Abîme des Oiseaux is a fragment from Olivier Messiaen’s Quatuor pour la fin du temps, written in a prisoner-of-war camp during World War II. The clarinetist must execute virtuosic flourishes and chirps alongside music of absolute stasis and slow-growing force. Dynamics build from near-silence to reed-shattering volumes on long single notes while the “birdlike” passages are both inspired by nature and otherworldly. Long as Abîme des Oiseaux is, Luciano Berio’s Sequenza IXa is twice its length at over thirteen minutes. As its name implies, it is a sequence of musical events, largely gestural, over extremes of range and volume. Berio includes passages requiring the extended technique of multiphonics, the bringing out of natural overtones via alternate fingerings to produce the effect of multiple notes at once.

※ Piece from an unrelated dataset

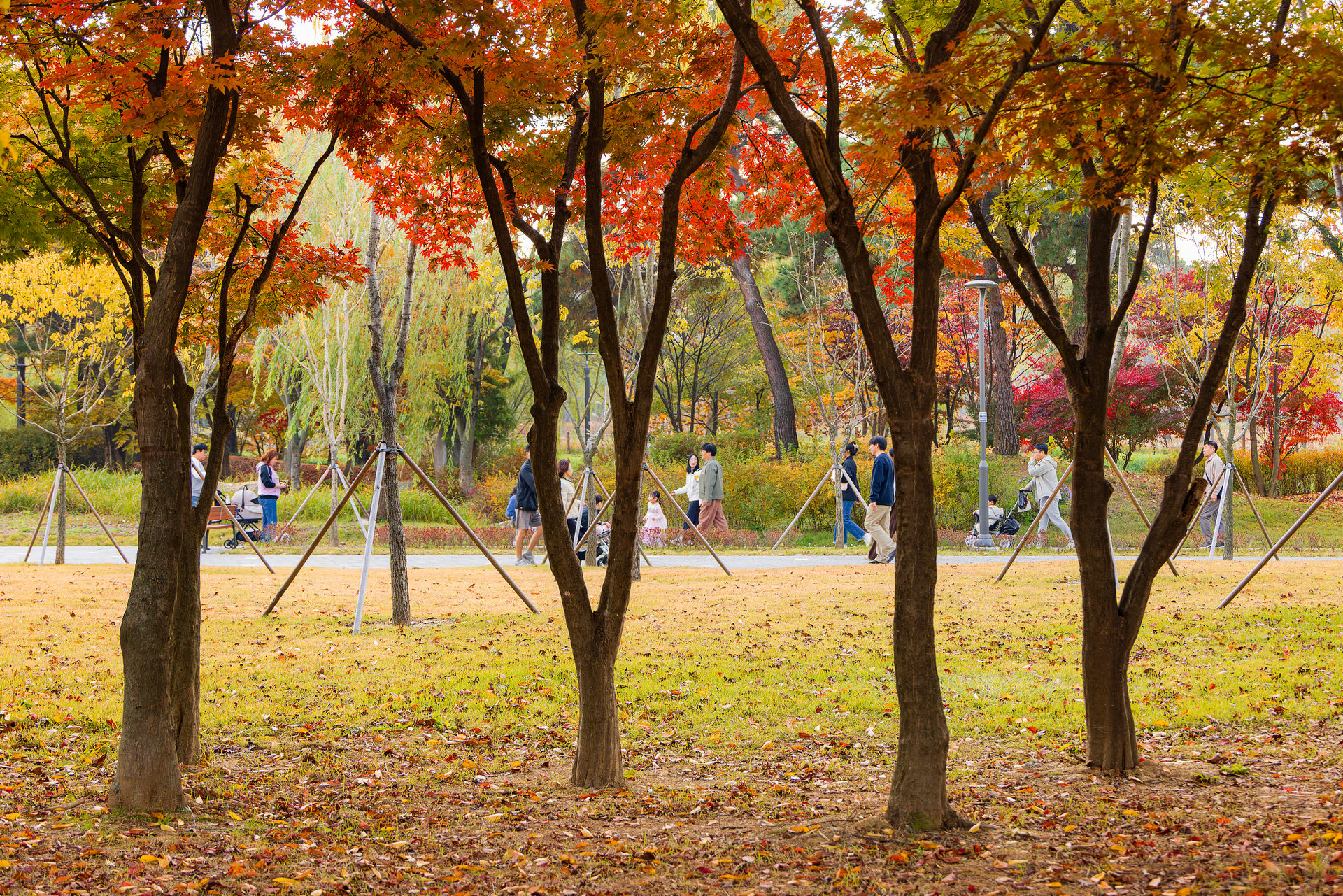 공원 가을의 경치를 즐기러 나온 사람들

In the right hands, it can sound haunting, as opposed to merely honking. The Lied is a shorter example of the same style, minus the multiphonics.

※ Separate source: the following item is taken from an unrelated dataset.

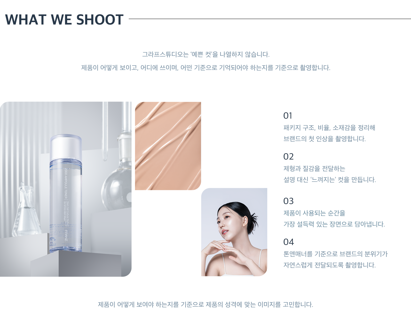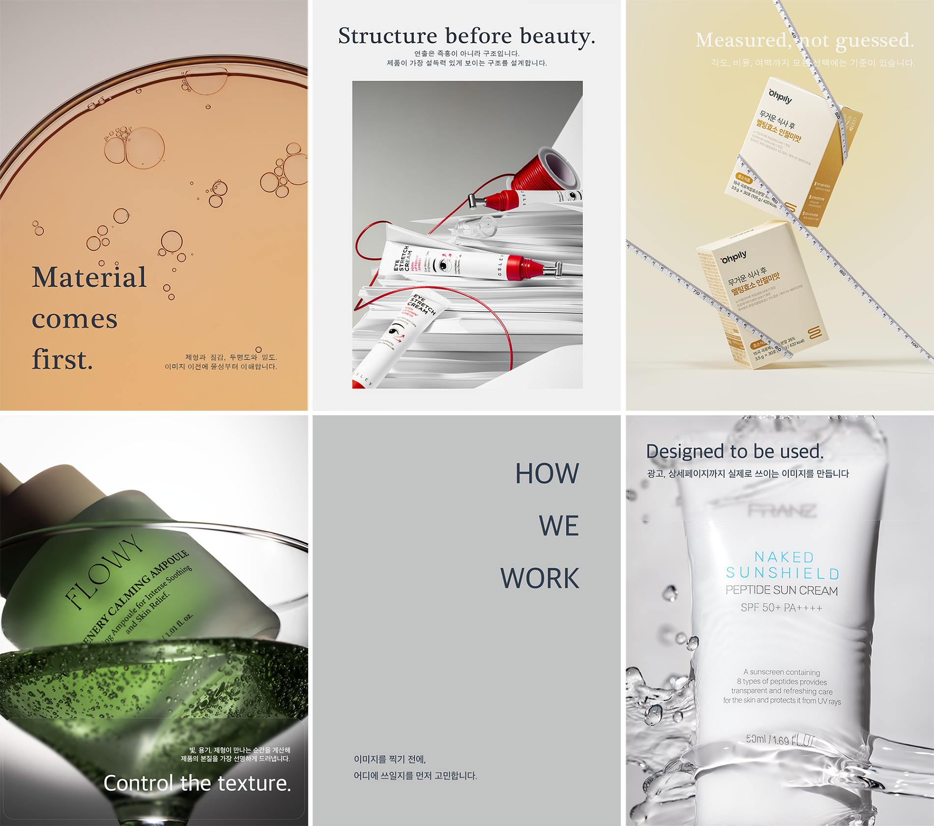 화장품과 식품을 중심으로 기획부터 촬영, 그리고 결과물의 실제 활용까지 고려해쓰임이 분명한 이미지를 이끌어냅니다.

Ironically, the Cage Sonata sounds less unusual than the Messiaen or Berio. An early work from the master of musical randomization, it is characterized not by chance but by serialism, the quasi-mathematical organization of pitches in lieu of traditional tonal harmony. This is not audible to the listener so much as is an enjoyment of “noodling” in the first movement and long lines in a spare, austere style in the second. The pitches of the first movement in retrograde, that is, ordered backwards, form the third movement but the effect is quite bluesy. In the closing measures, there is more than a hint of the clarinet solo that opens Gershwin’s Rhapsody in Blue. Santoro’s Fantasia sul América likewise ends with a rising glissando and manages to sound soulful while making use of the gestural language of Berio. Continuing the jazz theme, Miranda’s Ludica I has the rhythmic energy and melodic groove of bop contrasted with a more static middle section. Finally, there is the Stravinsky Three Pieces, written in 1918 for an amateur clarinetist and patron of the composer. These are also jazz-influenced, most audibly in the third piece, though the inspiration is more ragtime than later, smoother styles of jazz.

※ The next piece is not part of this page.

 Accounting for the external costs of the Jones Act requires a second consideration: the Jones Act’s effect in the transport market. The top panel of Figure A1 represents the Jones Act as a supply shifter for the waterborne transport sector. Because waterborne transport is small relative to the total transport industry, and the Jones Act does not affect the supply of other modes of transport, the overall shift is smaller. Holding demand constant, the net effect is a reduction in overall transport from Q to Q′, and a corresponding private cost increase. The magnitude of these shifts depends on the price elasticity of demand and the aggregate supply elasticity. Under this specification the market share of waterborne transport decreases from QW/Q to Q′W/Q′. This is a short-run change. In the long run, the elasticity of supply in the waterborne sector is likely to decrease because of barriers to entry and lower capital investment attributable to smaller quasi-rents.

It is good to see unfamiliar composers in this collection. Lacerda and Santoro hailed from Brazil and created large bodies of works across many genres. Ronaldo Miranda, also Brazilian, is a longtime professor of music in Rio de Janeiro. Even John Cage is a rarity in this repertoire, not often represented by his Sonata for Clarinet.

In spite of this, I cannot recommend this album wholeheartedly. Clarinetist Luca Luciano has technique to spare in this repertoire but his ideal clarinet sound and mine do not align. As mentioned above, his tone is often clipped and harsher than it need be in consequence. This is particularly evident in the Stravinsky Three Pieces, Arnold Fantasy, and Gershwin encore. His interpretations also are at times brusque to the point of aggressive. In the second and third of the Three Pieces, Luciano fairly attacks the music while other clarinetists from Sabine Meyer to Jonathan Cohler maintain a rounder sound and characterize the music more playfully. The same criticism applies to the Arnold Fantasy, which further suffers from a stiffness of rhythm. The more unusual items fare better but still Luciano does not often let the music breathe. Martin Fröst, a clarinetist not known for his bashfulness, allows his performance of the Messiaen on Sony to linger over a minute longer, by contrast. Luciano often seems to saddle himself with a literalness of interpretation that goes beyond fidelity to the printed score. A relatively dry acoustic only increases the sense of sonic aggression and interpretive single-mindedness.

You will know whether you want this release or not. Buy it for the expanded repertoire, not for the performance alone.

Note: there is a typo in the album documentation giving the title of the Santoro piece as Fantasia sul Americana and not the correct Fantasia sul América.